- **What to work on**:
Below are entries; repeat exactly, and nothing else, the lines from the one holding "Meta(也就是脸书)发布了目前最强的开源大模型Llama 3,AI圈又嗨起来了,它有两款不同的参数模型——Llama 3" through the one holding "El manguito del", inclusive. Leave the pictures out.

- **Entries provided**:
═══
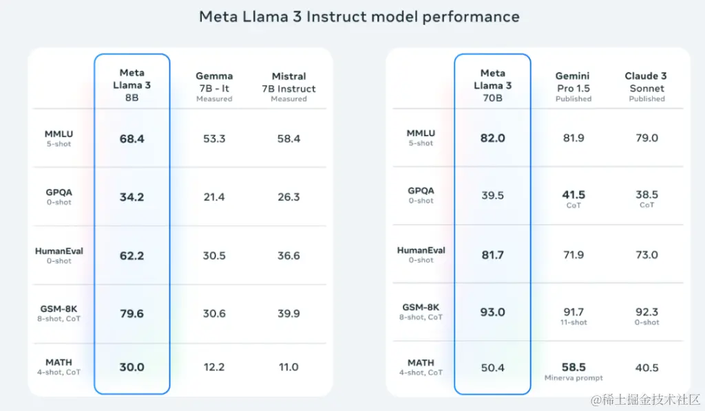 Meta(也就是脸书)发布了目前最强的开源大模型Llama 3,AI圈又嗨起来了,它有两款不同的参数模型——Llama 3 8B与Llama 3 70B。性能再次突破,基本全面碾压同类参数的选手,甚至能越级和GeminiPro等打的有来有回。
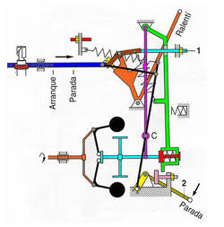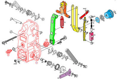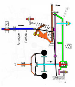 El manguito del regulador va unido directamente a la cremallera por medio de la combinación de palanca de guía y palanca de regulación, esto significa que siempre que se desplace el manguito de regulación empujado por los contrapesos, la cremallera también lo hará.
═══
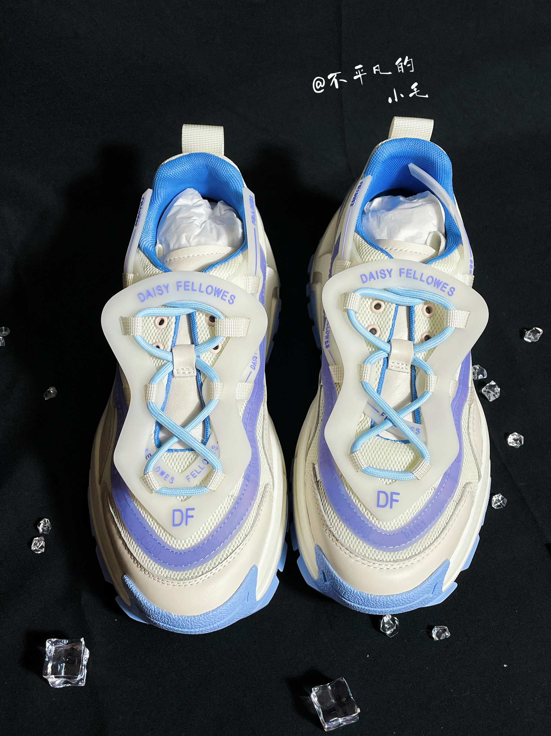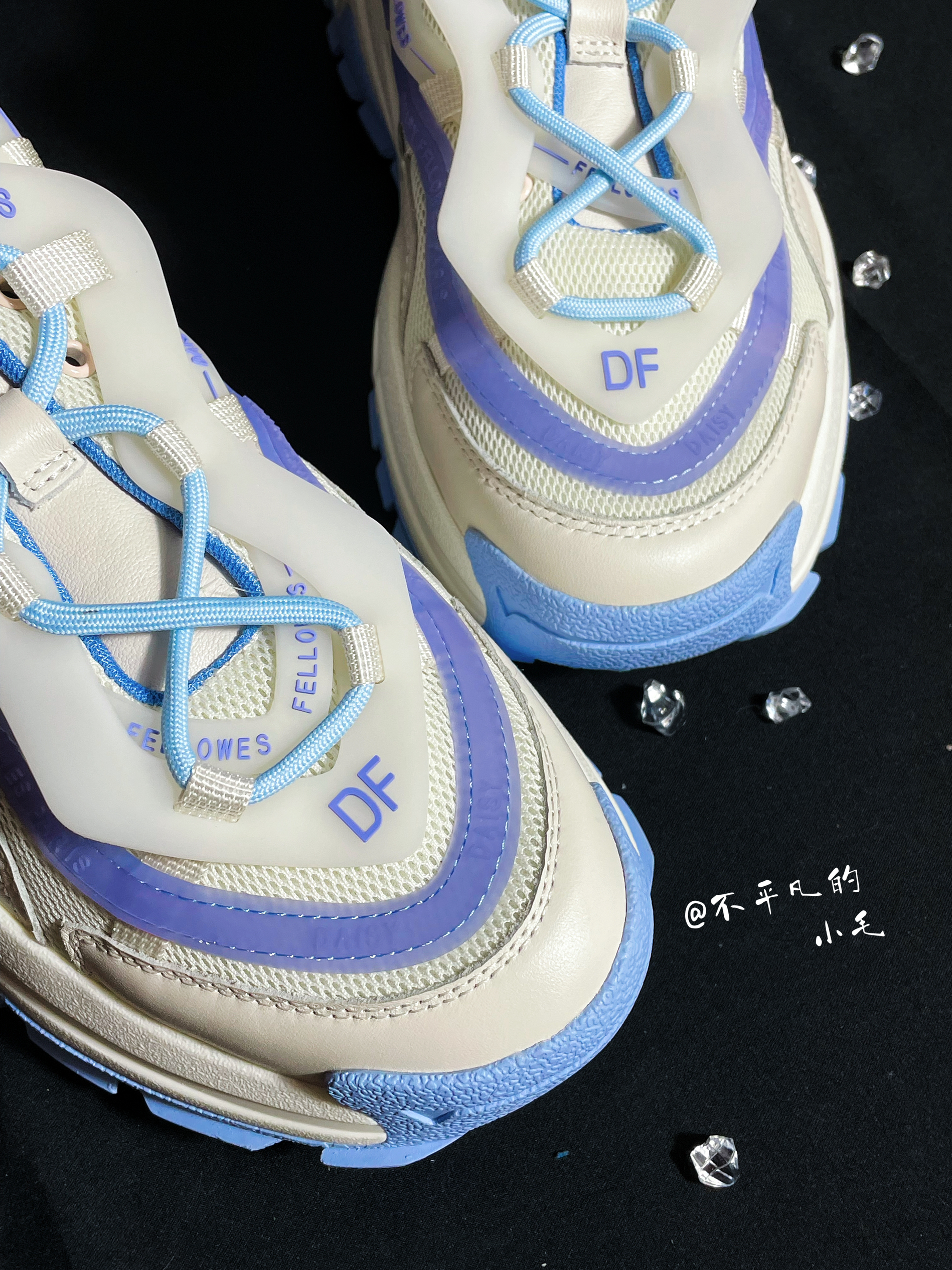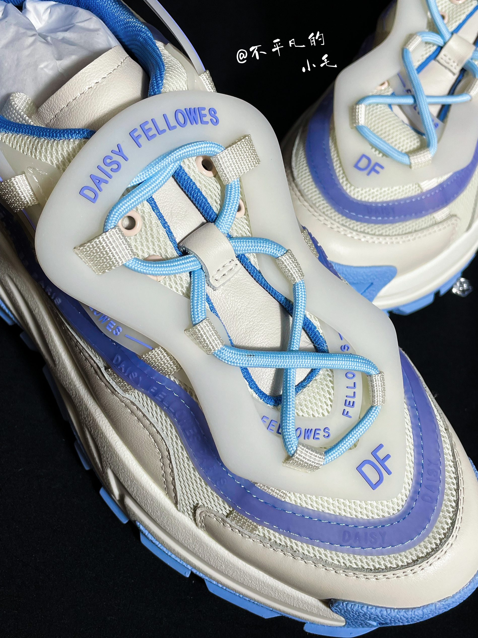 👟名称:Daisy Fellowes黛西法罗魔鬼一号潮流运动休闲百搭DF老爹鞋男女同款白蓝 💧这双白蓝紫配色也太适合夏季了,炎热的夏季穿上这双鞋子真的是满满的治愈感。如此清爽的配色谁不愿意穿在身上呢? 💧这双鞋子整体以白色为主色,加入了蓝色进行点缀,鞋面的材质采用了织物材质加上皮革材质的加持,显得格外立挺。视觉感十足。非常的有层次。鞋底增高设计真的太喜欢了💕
═══
- **Output for this task**:
 Meta(也就是脸书)发布了目前最强的开源大模型Llama 3,AI圈又嗨起来了,它有两款不同的参数模型——Llama 3 8B与Llama 3 70B。性能再次突破,基本全面碾压同类参数的选手,甚至能越级和GeminiPro等打的有来有回。
 El manguito del regulador va unido directamente a la cremallera por medio de la combinación de palanca de guía y palanca de regulación, esto significa que siempre que se desplace el manguito de regulación empujado por los contrapesos, la cremallera también lo hará.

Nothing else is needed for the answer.